▶ The task
Output each line exactly as written, from the first line of the records to the line bearing "전국언론노조 KBS본부는 31일", inclusive, while leaving every picture out.

START Stored data

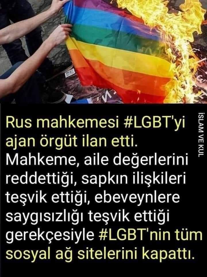 Türkiye'de her türden dernekleşme ve faaliyet yürütme izni verilen LGBT'nin Rusya'da (mahkeme kararıyla) aile değerlerini reddettiği, sapkın ilişkileri teşvik ettiği gerekçesiyle tüm sosyal ağ siteleri kapatıldı.
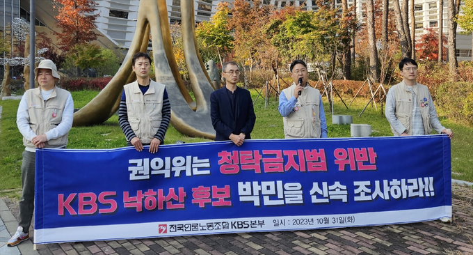 전국언론노조 KBS본부는 31일 기자회견을 열어 박민 KBS 사장 후보자의 청탁금지법 위반 의혹을 신속히 조사하라고 국민권익위원회에 촉구했다.
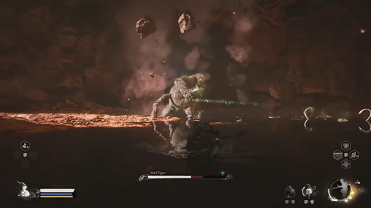 Если Безумный тигр после рева будет держать свои кулаки в земле, это знак, что он пошлет на вас ливень из камней после нескольких приседаний. Также иногда он поднимает гигантский камень, но вместо того, чтобы бросить его в вас, прыгает в вашу сторону через всю арену, чтобы отправить его вам в лицо. Этот удар может нанести большое количество урона, поэтому старайтесь избежать этого.
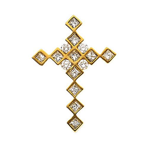 This solid 14k yellow gold cross pendant has 4/5 carat total weight round and princess cut diamonds. Pendant size: 28mm x 20mm. 4 x .06CT round full cut diamonds, 11 x 2mm princess cut diamonds, color H-I, clarity SI. Hidden bail. Approximate weight: 3.59 grams.
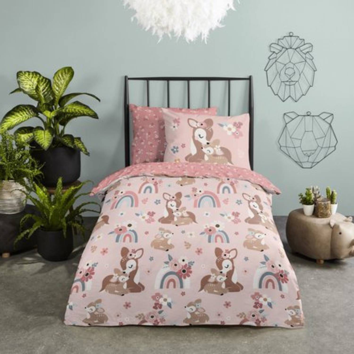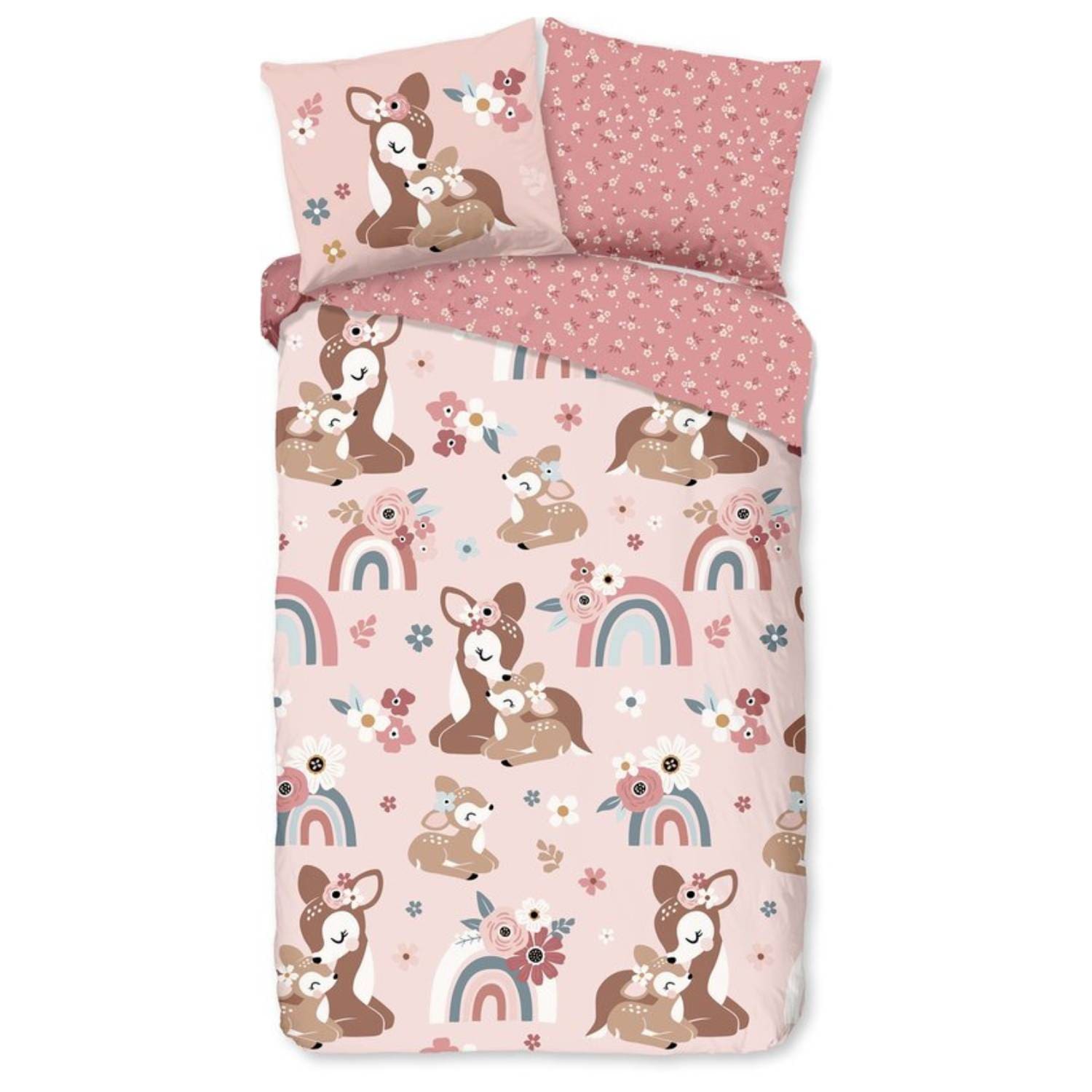 Good Morning Kinderdekbedovertrek bambi hert met regenboog – Roze – 140×200/220 cm – Katoen

END Stored data

▶ Task output
 Türkiye'de her türden dernekleşme ve faaliyet yürütme izni verilen LGBT'nin Rusya'da (mahkeme kararıyla) aile değerlerini reddettiği, sapkın ilişkileri teşvik ettiği gerekçesiyle tüm sosyal ağ siteleri kapatıldı.
 전국언론노조 KBS본부는 31일 기자회견을 열어 박민 KBS 사장 후보자의 청탁금지법 위반 의혹을 신속히 조사하라고 국민권익위원회에 촉구했다.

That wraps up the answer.